What is expected
From the line with "さらに脚が付け外しできるので" through the last line of the records below, both ends included, transcribe only those lines, exactly, and omit the pictures.

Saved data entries
▬▬▬

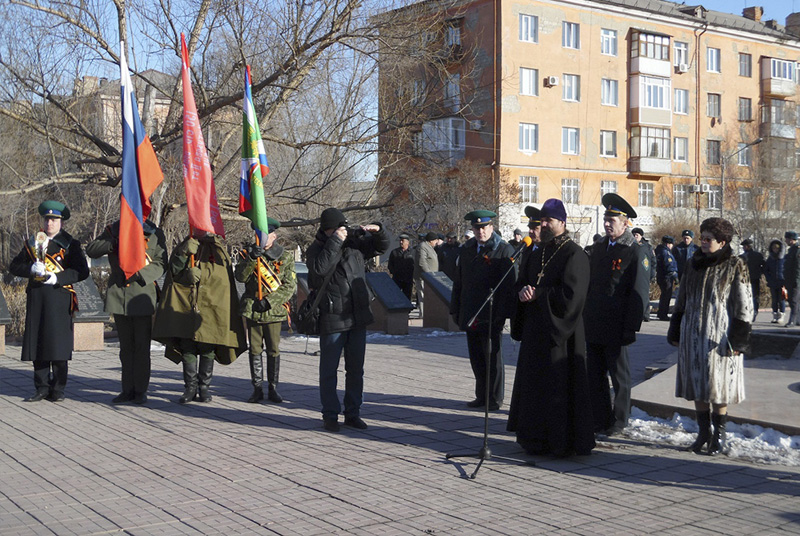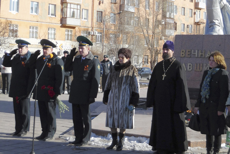 НОВОТРОИЦК. 29 марта 2015 г. В г. Новотроицке состоялась торжественная встреча пограничной Эстафеты Победы. В церемонии принял участие благочинный Новотроицкого округа, настоятель собора святых апостолов Петра и Павла г. Новотроицка, протоиерей Сергий Кваша.
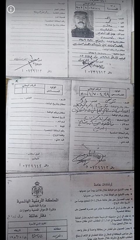 حيث ان ابن اختي الوحيد الشاب الذي ولد والده رحمة الله عليه في الأردن وفي البادية الأردنية مواليد الأب ١٩٥٣/١/١م في بلدة الزعتري محافظة المفرق اي قبل حوالي ( ٦٧عام) وتزوج بنساء اثنتين اردنيات الجنسية وانجب اولاد وبنات عدد ٧ وابن أختي، الوحيد مواليد عام ١٩٩٨م/م بلدة الزعتري وفي عام ٢٠٠٥م ذهب المرحوم زياره الى الجمهورية السورية الشقيقة حيث توفاه الله في حادث سير هناك ويمتلك منزل وأرض في بلدة الزعتري وفي عام ٢٠١٦م بناءا” على معلومات كيدية وردت من شخصآ ما الى المؤسسات الأمنية ان المذكور، سوري الجنسيه بعد ٦٧ عام مواطنة أردنية علمآ أنه حسب المعلومات تم مخاطبة السلطات السورية بذلك الأمر ولم يجدوا له اي صله او جذور هناك، سيدي اني ومن خلال كل شريف أردني وانسان ينطق الحق لمن يستحق ابعث اليكم هذه المظلمه، وأرجو ارجاع الرقم الوطني لإبن اختي وإخوانه واخو المرحوم شامس وأولاده.
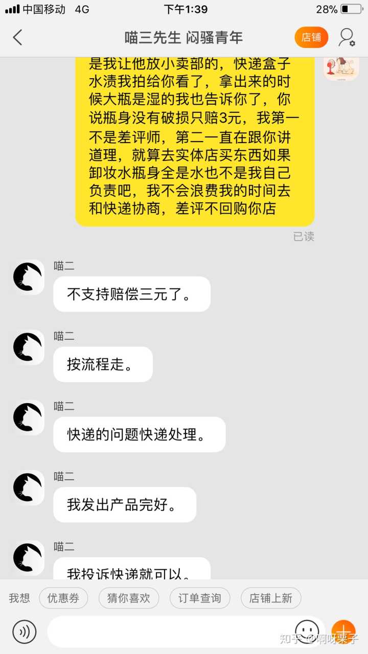 2月23日反悔,称封口漏水不影响使用,只赔付我3元,难道封口漏水不是产品破损吗?我不接受,我个人在淘宝从未退过货,给的差评也是屈指可数,当时觉得跟卖家没有道理可讲了,所以打算差评不再回购。我发的差评内容就是聊天记录截图。
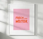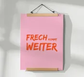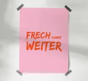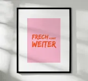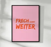 La sfacciataggine vince! Questo poster in arancione su sfondo rosa mostra: un po' di coraggio e di umorismo vi porteranno lontano - perfetto per la casa o l'ufficio.
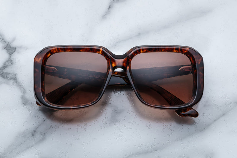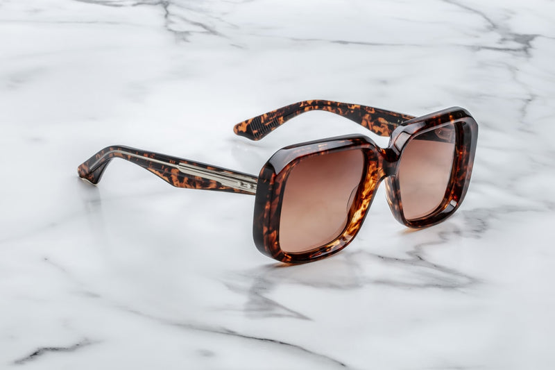 - Brown 10mm cured cellulose acetate frame with custom double laminated temples featuring precious metal hardware and brown gradient lenses
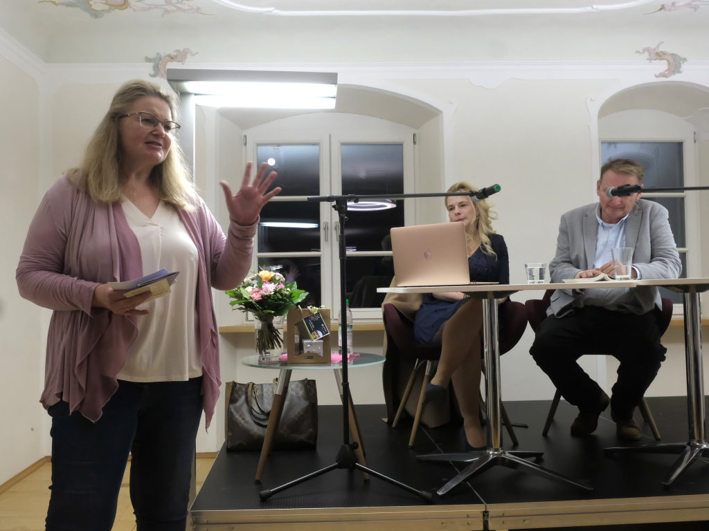 Die Leiterin der Stadtbücherei, Cornelia Merk, erklärte in ihrer Begrüßung, warum das Festival nach dem Zusammenschluss von Allgäuer Literaturfestival und Literaturfestival Nordschwaben nun Literaturfestival Allgäu-Schwaben heißt. Durch den Zusammenschluss habe sich auch ein viel längerer Veranstaltungszeitraum ergeben, weswegen die Veranstaltung in Bad Wurzach nun bereits Anfang März anstatt Anfang Mai stattfand.
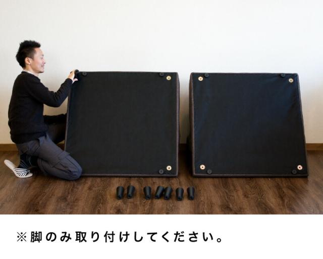 さらに脚が付け外しできるので、ローソファーや、マットレスのようなローベッドにもなり、使い方は自由自在。
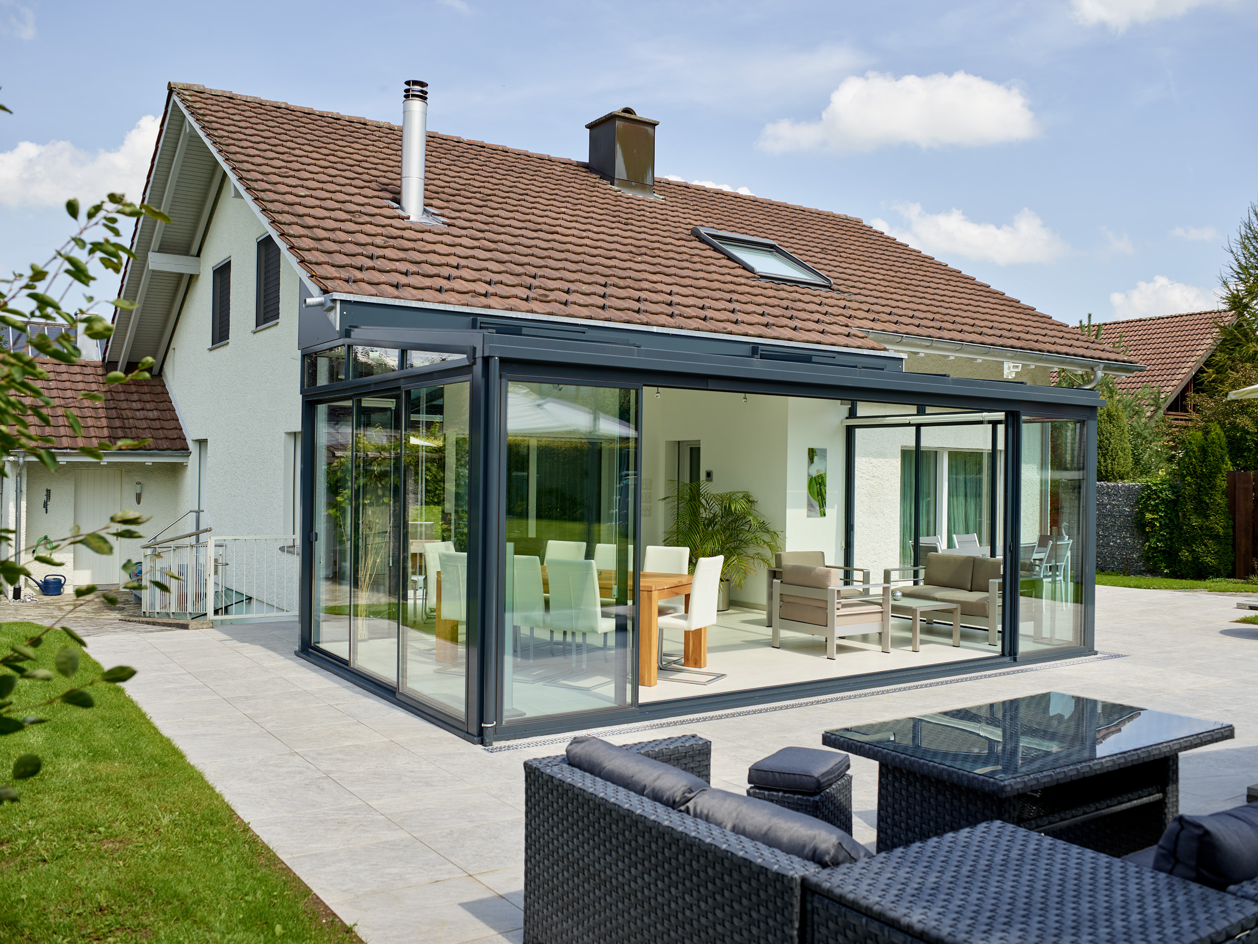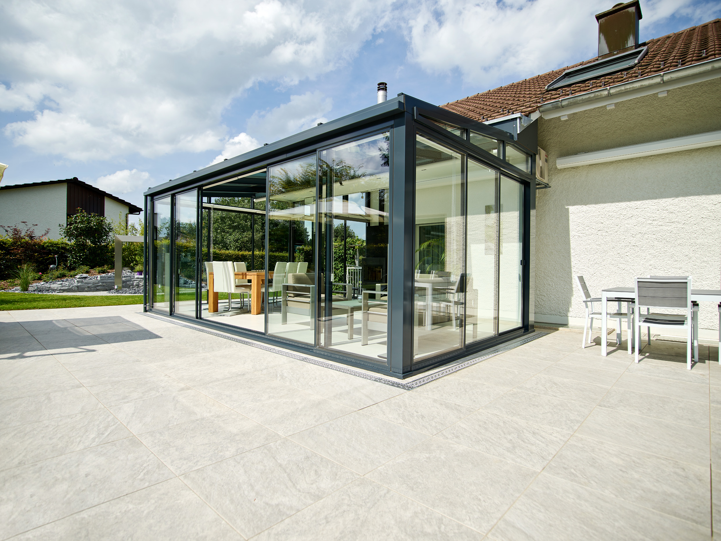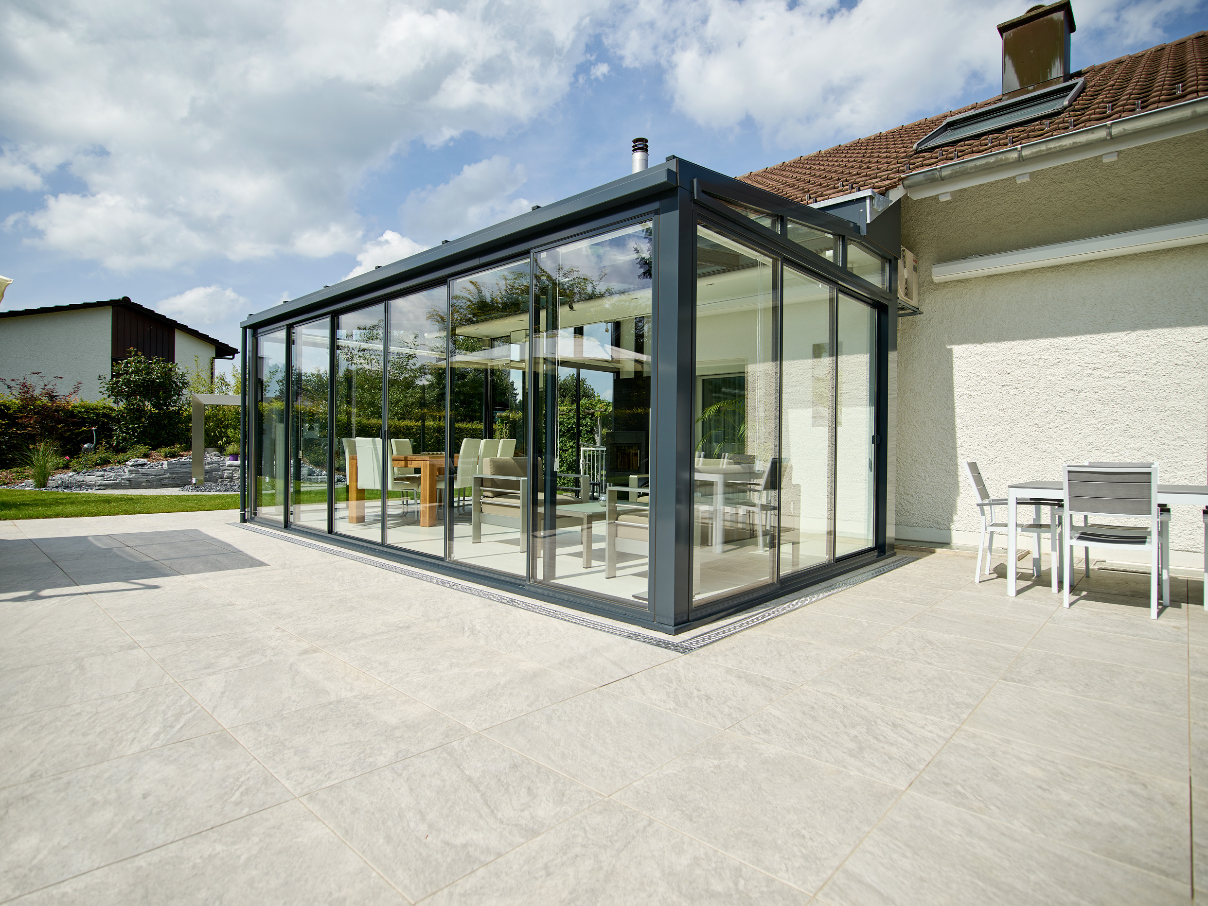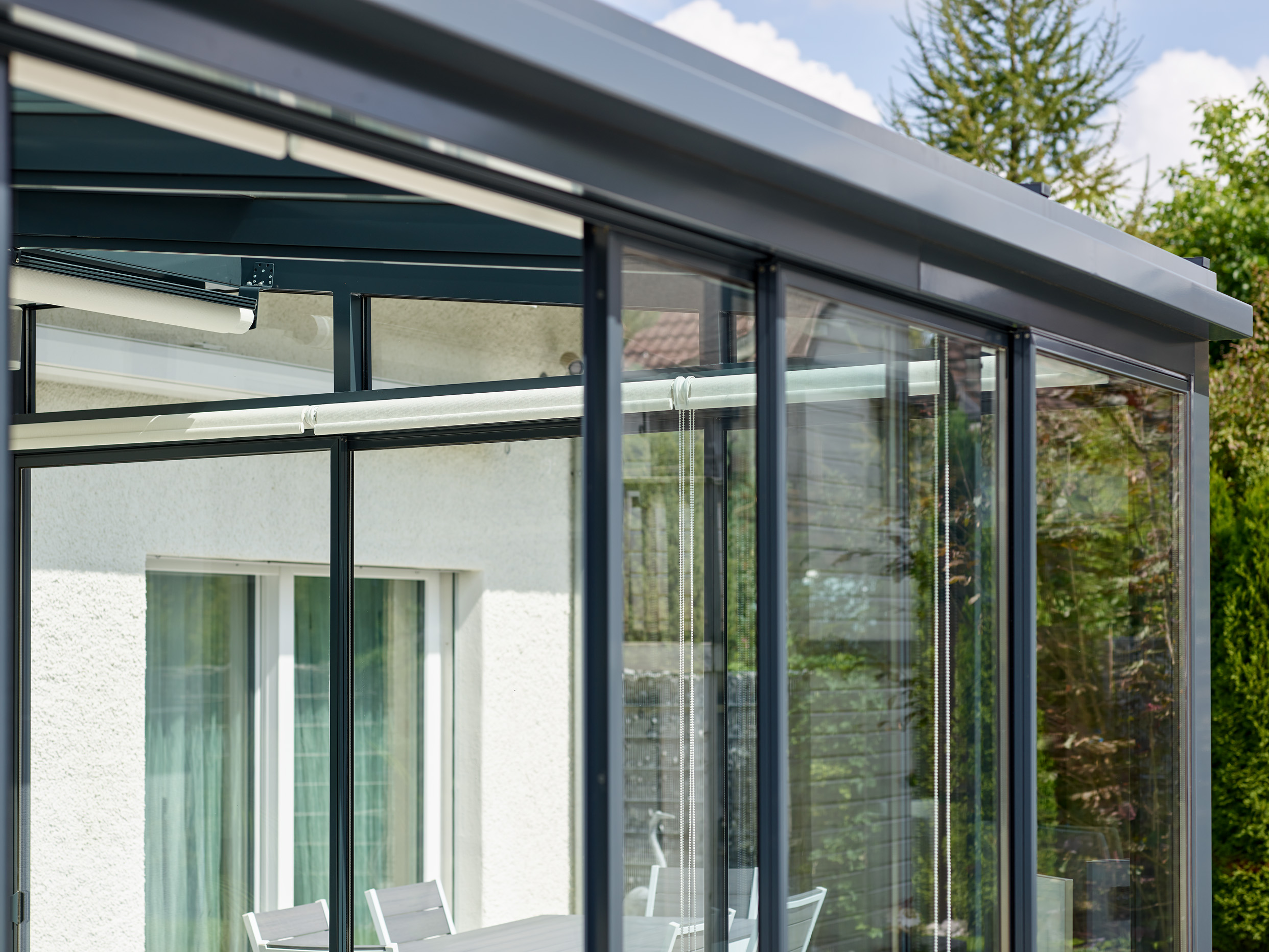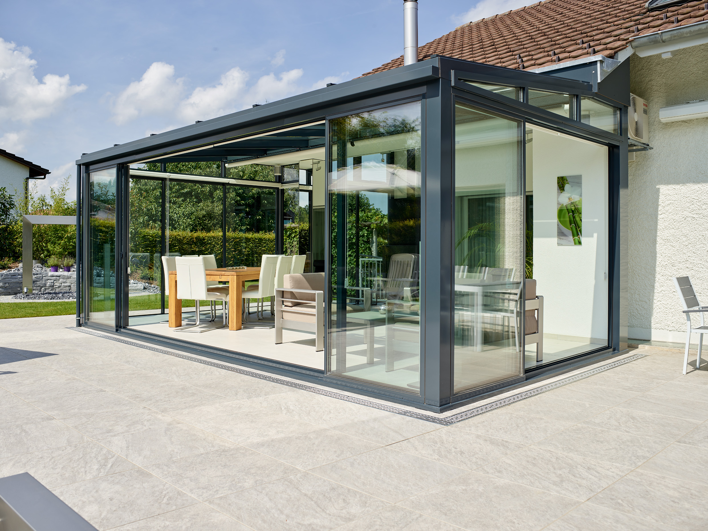 Der ¾-Jahres-Wintergarten der Familie G überzeugt durch seine großzügige Tiefe. Die Erweiterung des Flachdachaußenbereichs mit einer zusätzlichen Isolierglas-Dachverglasung vergrößert die Raumkubatur und eröffnet einen beeindruckenden Blick in den Garten. Dank isolierverglaster Schiebeanlagen und einem Schwedenofen kann der Wintergarten sogar in der kälteren Jahreszeit teilweise genutzt werden.

▬▬▬

Solved problem
 さらに脚が付け外しできるので、ローソファーや、マットレスのようなローベッドにもなり、使い方は自由自在。
 Der ¾-Jahres-Wintergarten der Familie G überzeugt durch seine großzügige Tiefe. Die Erweiterung des Flachdachaußenbereichs mit einer zusätzlichen Isolierglas-Dachverglasung vergrößert die Raumkubatur und eröffnet einen beeindruckenden Blick in den Garten. Dank isolierverglaster Schiebeanlagen und einem Schwedenofen kann der Wintergarten sogar in der kälteren Jahreszeit teilweise genutzt werden.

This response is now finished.